Because human cardiac samples are nonhomogeneous and contain myocytes, nonmyocytes, and potentially fibrotic tissue, we used Casq2 and Gapd as controls of RNA quality and as reference standards (ΔCt). Casq2 should be restricted to cardiomyocytes, whereas Gapd should be present in both cardiomyocytes and noncardiomyocytes. Casq2, but not Gapd, was present on the microarray, and its expression did not significantly change with HF (P > 0.05), supporting its use as an internal control. Note, from dilution curves of reverse transcriptase reactions, that every 3.6 amplification cycles, on average, reflects a 10-fold change in expression (Fig. 2A). The abundance of Casq2 and Gapd transcripts varied by 2 orders of magnitude between individual human samples (Fig. 2B). Neither Casq2 nor Gapd transcripts, however, demonstrated significantly different levels of expression either before normalization or after direct comparisons (ΔCt) with the other respective control transcript. In contrast to human samples, those from rat (or mouse) heart show very limited changes in overall expression for either transcript (Fig. 2C).

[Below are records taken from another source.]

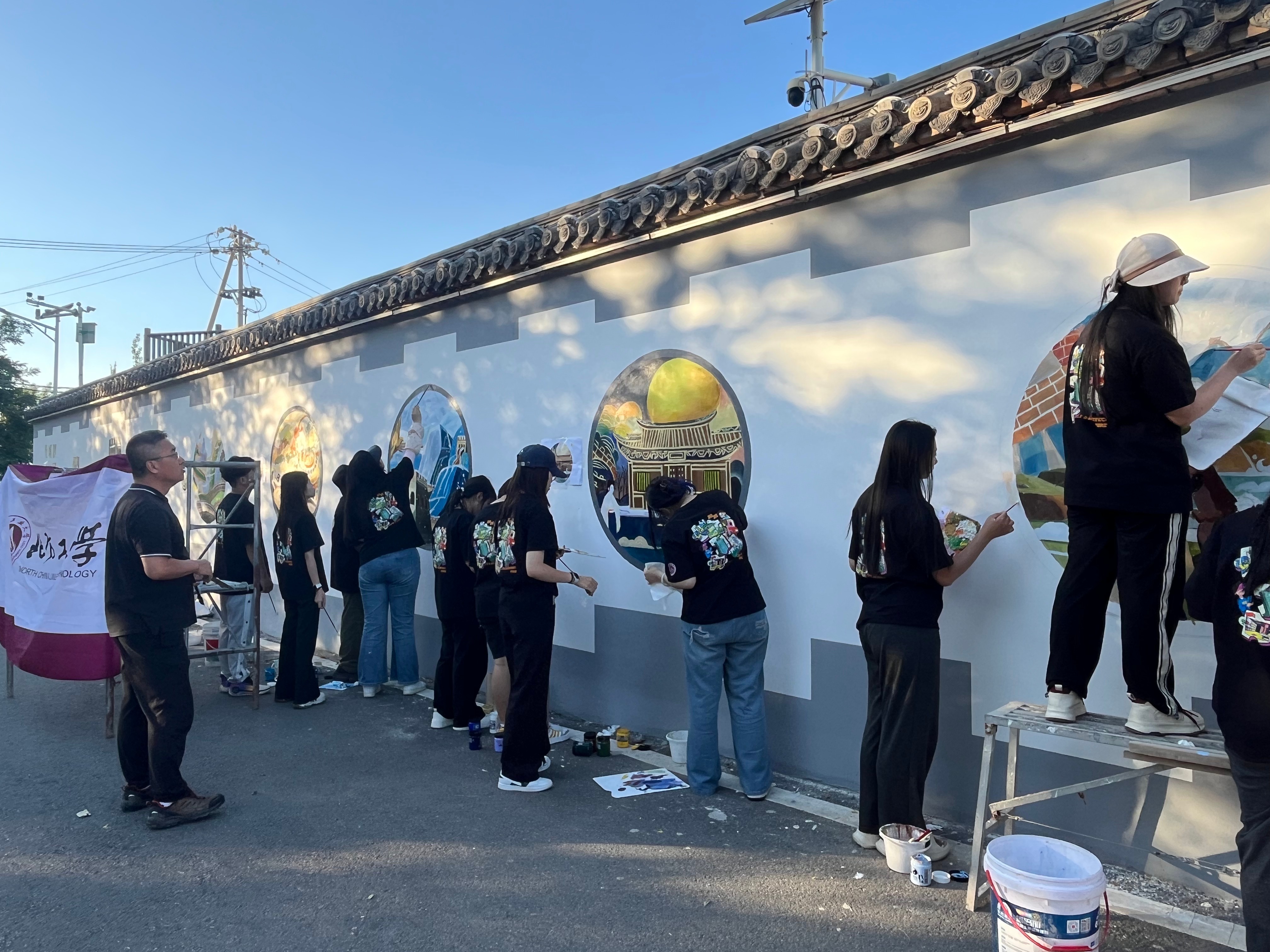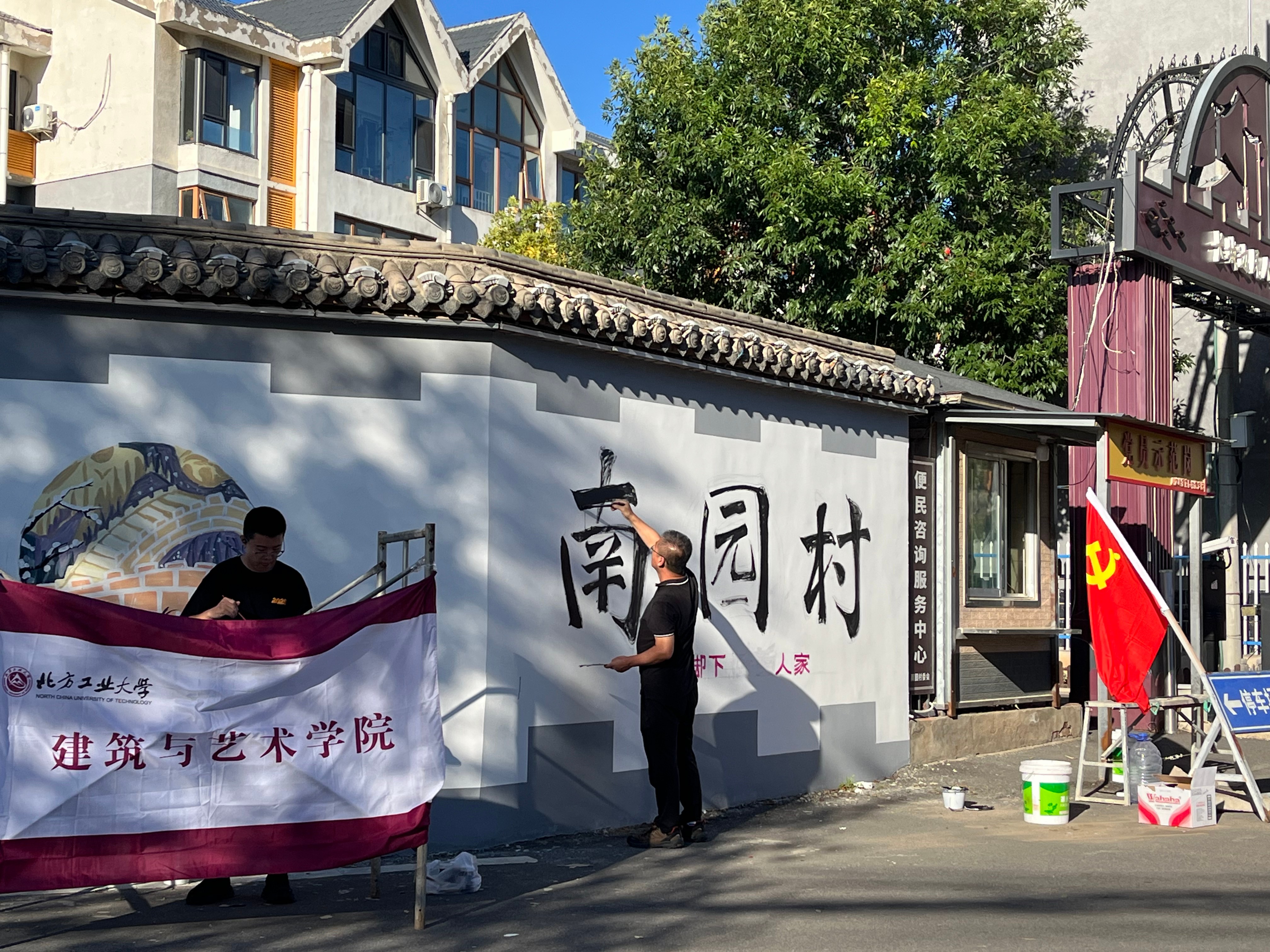 在创作过程中,同学们分工协作、互相配合。有的负责勾勒线条,有的专注上色,有的细心调和颜料。烈日下的挥汗、墙面上的涂抹,构成了一幅生动的劳动与艺术交织的画面。作为中国书法家协会资深会员的苏刚副教授更是担纲了墙画文字的书写,正楷手写的“南园村”三个字成为整个入村墙面视觉提升的点睛神来之笔。
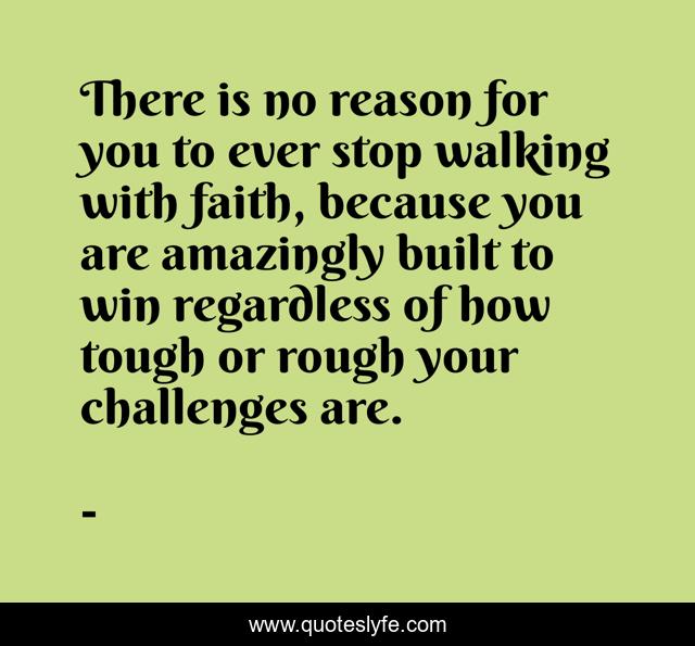 This page presents the quote "There is no reason for you to ever stop walking with faith, because you are amazingly built to win regardless of how tough or rough your challenges are.". Author of this quote is . This quote is about tough, walking-with-faith, edmond-mbiaka, you-are-winner, your-challenges, walk-with-faith, you-are-built-to-win, rough,.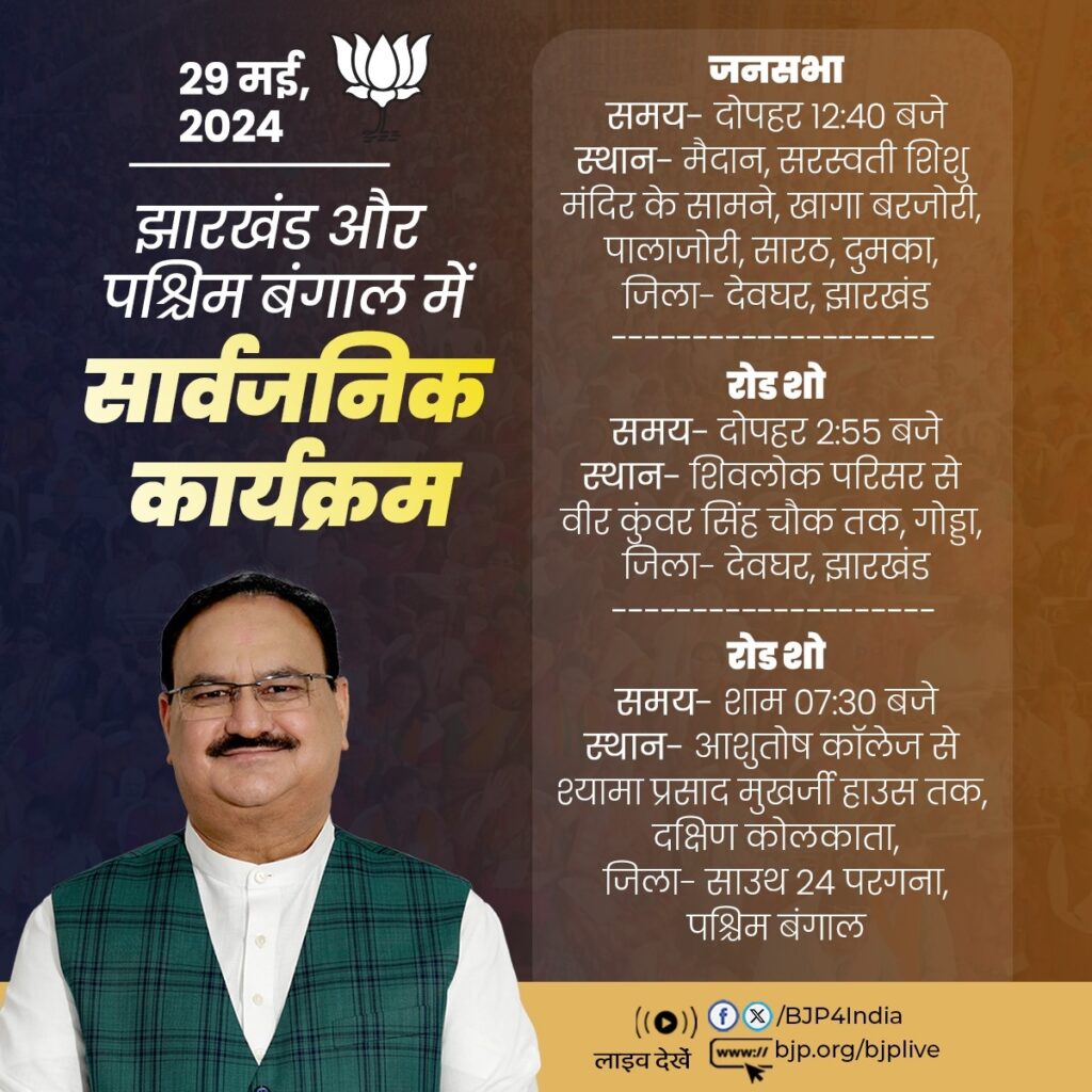 भाजपा के एक्स हैंडल के अनुसार नड्डा आज दोपहर सवा 12ः40 बजे झारखंड में जिला देवघर के खागा बरजोरी में जनसभा को संबोधित करेंगे। यहां से वो इसी जिले को गोड्डा का रुख करें। गोड्डा में उनका रोड शो दोपहर 2ः55 बजे शुरू होगा। गोड्डा से वो पश्चिम बंगाल की राजधानी कोलकाता पहुंचेंगे। दक्षिण कोलकाता में शाम साढ़े सात बजे वो रोड शो का नेतृत्व करेंगे।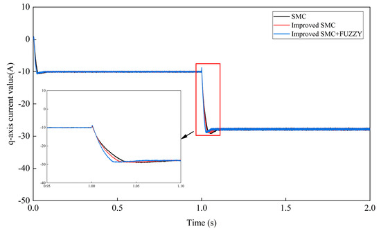 Figure 16 indicates that the overshoot of the current was relatively small for all three control strategies. However, the improved FSMC strategy exhibited a shorter response time to reach a stable state upon wind speed change at 1 s. Additionally, Figure 15 shows that the fluctuations of the d-axis current were significantly less at 1 s, compared to the other strategies. Therefore, the improved FSMC strategy was considered more stable.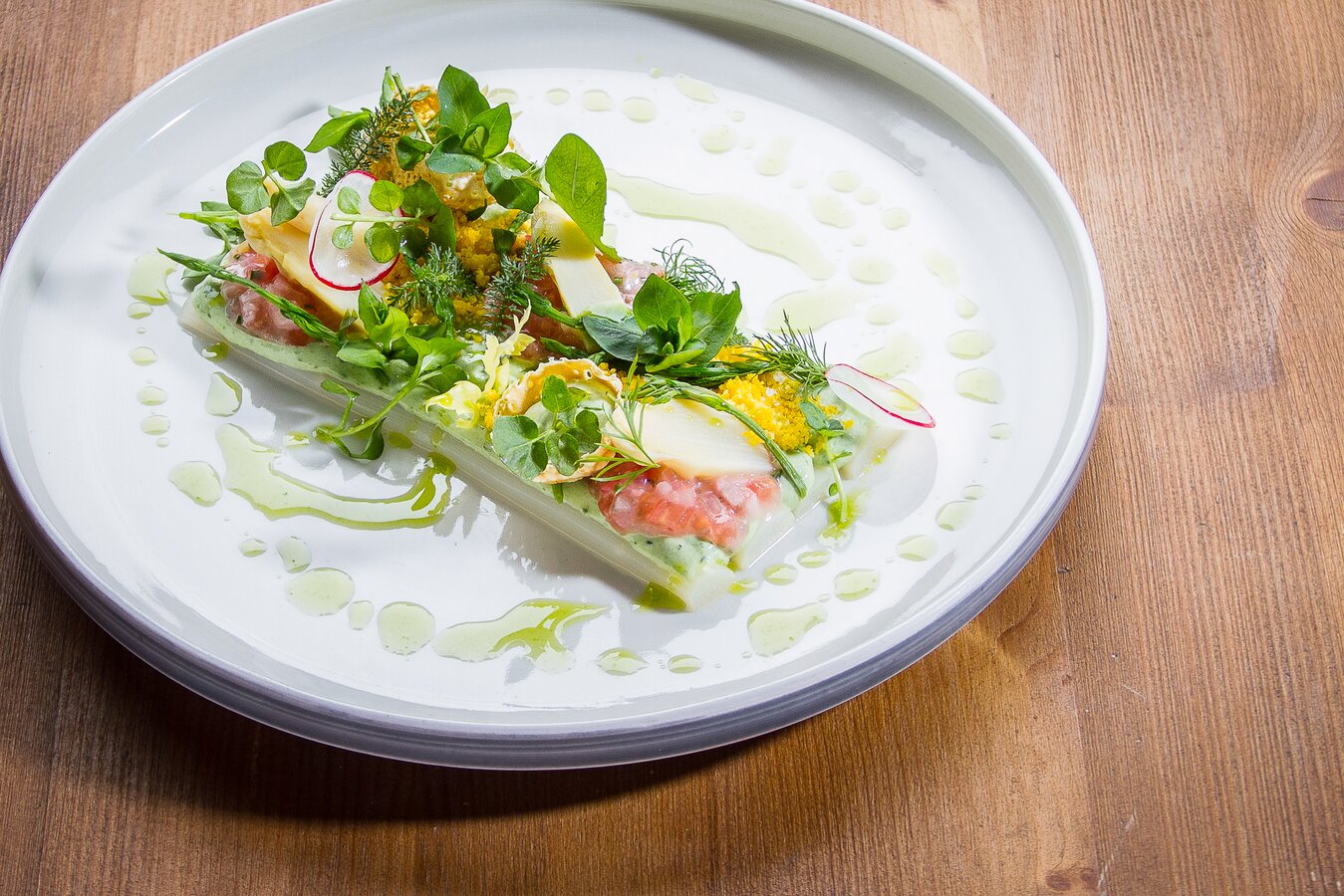 Kalbs-Kirsch Tatar mit grünem Spargel und Molke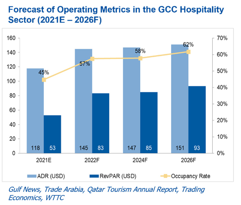 After witnessing a significant increase this year, the hospitality operating metrics are likely to witness steady growth going forward. Average occupancy rate across the GCC is forecasted to rise from 57% in 2022 to 62% in 2026. The Average Daily Rate is forecasted to increase from USD 145 this year to USD 151 in 2026, whilst Revenue Per Available Room is expected to increase from USD 83 to USD 93 representing an annualized growth rate of 1.1% and 2.9%, respectively.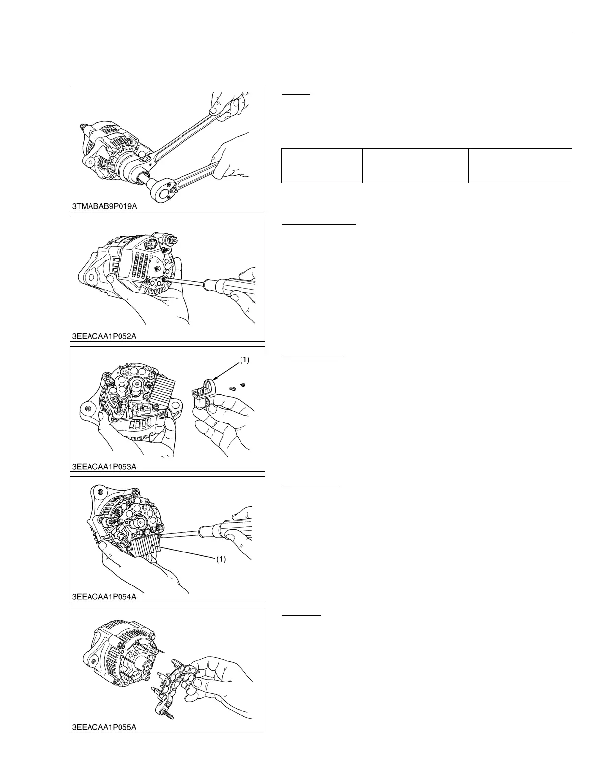1. Remove the four screws holding the rectifier(1) and the stator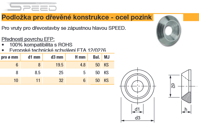 Varianta: SPPED podložky pro vruty se zápustnou hlavou na dřevěné konstrukce, pro ø 6 mm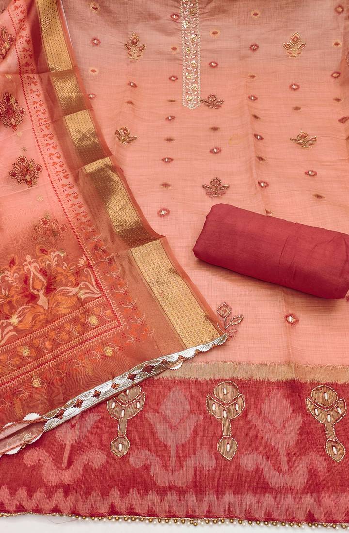 | Product Name | Peach Banarasi Embellished Unstitched Dress Material | |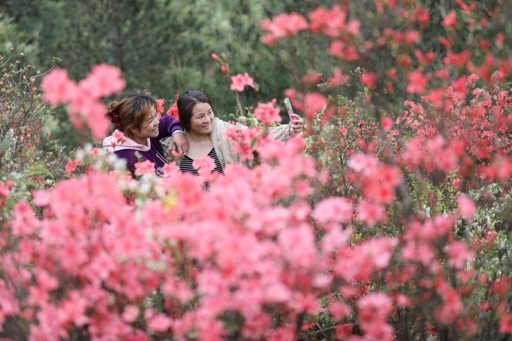 ↑ 4月8日,游人在湖南省永州市道县宜山岭野生杜鹃花丛里赏花拍照。新华社发(何红福摄)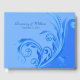 Pretty blue wedding guest book with a darker blue ornate flourish. Personalise the text fields for your special day.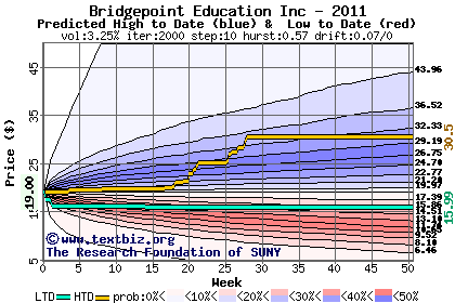 The high to date and low to date prices of the stock plotted against a random walk model for 2011 (what's this?).
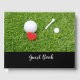 Golf ball with tee and red heart on green wedding guest book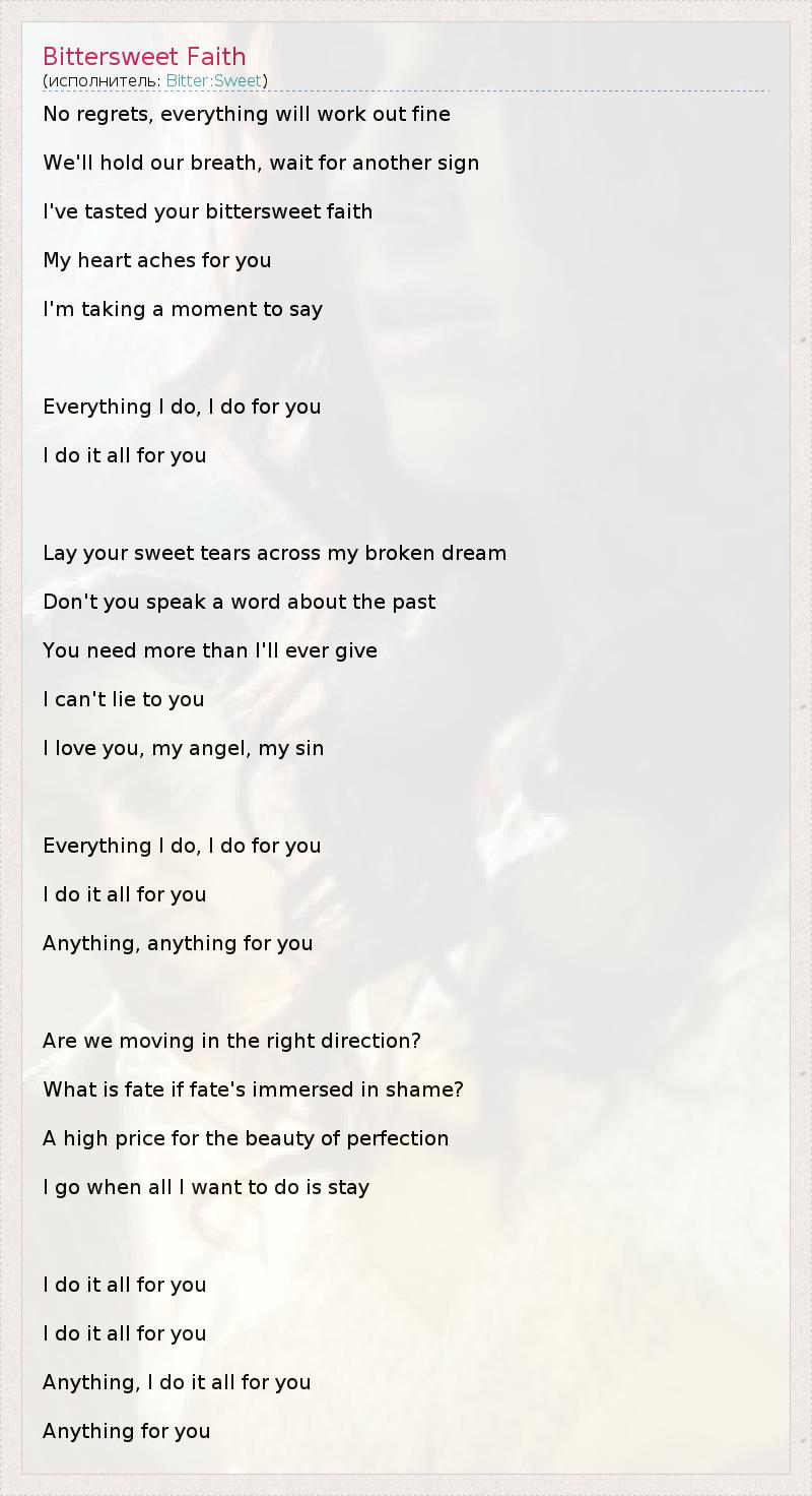 А как ты думаешь, о чем песня "Bittersweet Faith" ?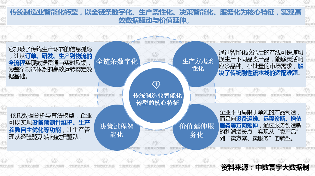 传统制造业智能化转型是我国制造强国战略的核心抓手,也是推动工业经济从规模扩张向质量效益提升的关键路径。这一转型并非简单的设备更新或技术叠加,而是以新一代信息技术为核心驱动力,对制造业研发、生产、管理、服务全生命周期进行系统性重构的产业变革。它既承载着提升生产效率、降低运营成本、增强核心竞争力的现实目标,也肩负着培育新质生产力、构建现代化产业体系、实现制造业高端化、智能化、绿色化发展的长远使命。本章将从行业核心特征、发展历程与产业链结构三个维度,系统梳理传统制造业智能化转型的内涵边界、演进脉络与产业生态,为后续分析市场格局与竞争态势奠定基础。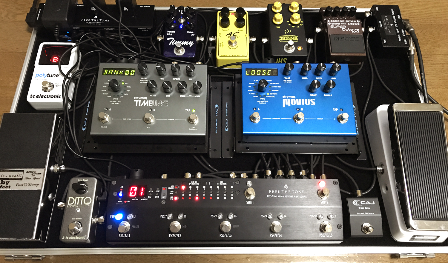 結構大きめのシステムだ。奥のコンパクト4個をスイッチャーのループに入れて、ストライモンのディレイとモジュレーションはMIDI制御ですね。ハッキリ言ってここまでデカいとスタジオへ持っていくのに苦労すると思う。ぶっちゃけオーバードライブ2個とディレイ1個くらいで演奏って何とかなったりするもんです。曲にもよるけど。大きいシステムに憧れた時期を通り越してすっかり小型ボード好きになりました。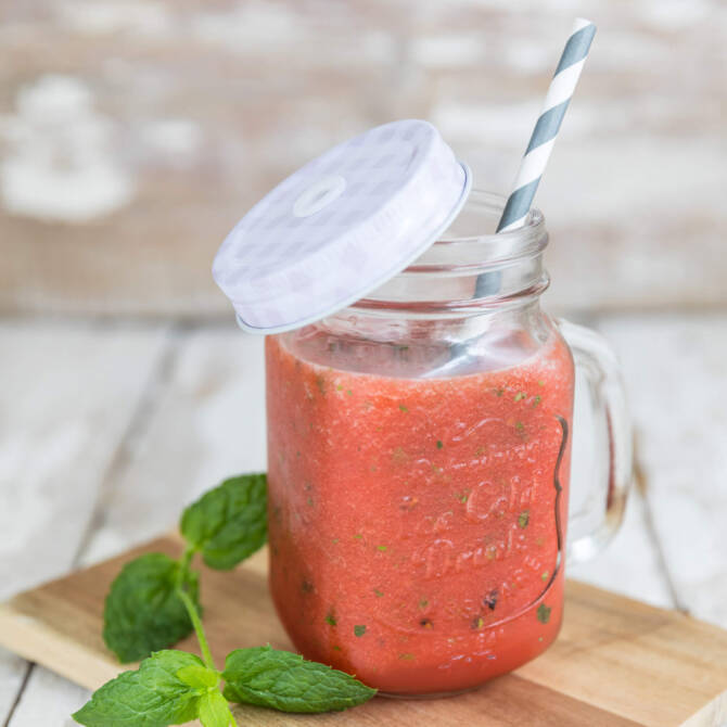 Cut the watermelon into cubes. Squeeze the juice from the lemon. Put the watermelon, ice, lemon juice and SteviaSweet Crystal into a blender. Mix until smooth. Add the mint leaves and mix quickly. Serve immediately.

Q-PCR analysis of candidate gene transcripts. (A) Casq2 amplifications with serial dilutions (1:10 to 1:100,000) of cDNA template. On average a 10-fold difference in expression was observed every 3.6 amplification cycles. ΔR_n represents the difference between R_n⁺ [ratio of SYBR green emission intensity to that of a passive reference (ROX) containing template DNA] and R_n− (ratio of SYBR green emission intensity to that of ROX for samples lacking template or during early cycles of real-time PCR). (B) Amplification plot of Casq2, showing more than one order of magnitude variability in Casq2 expression levels among 34 human samples (failing and nonfailing). Similar results were seen with each of the control and target templates, implying either a high degree of genetic variability or the potential for differing proportions of myocytes versus nonmyocytes in the human samples. (C) Amplification plot of Casq2 from rat samples (n = 4). In contrast to that seen in humans, very little variability in the amount of Casq2 was seen in age-matched male rats. (D) Normalized Lumican data, presented as a ΔCt value, after normalization with Casq2. Both Casq2 and Gapd were more highly expressed than any of the target sequences examined. Larger ΔCt values therefore imply lower expression levels (e.g., Lum mRNA abundance decreases with HF). Open bars represent nonfailing myocardium, whereas shaded columns indicate data from failing myocardium.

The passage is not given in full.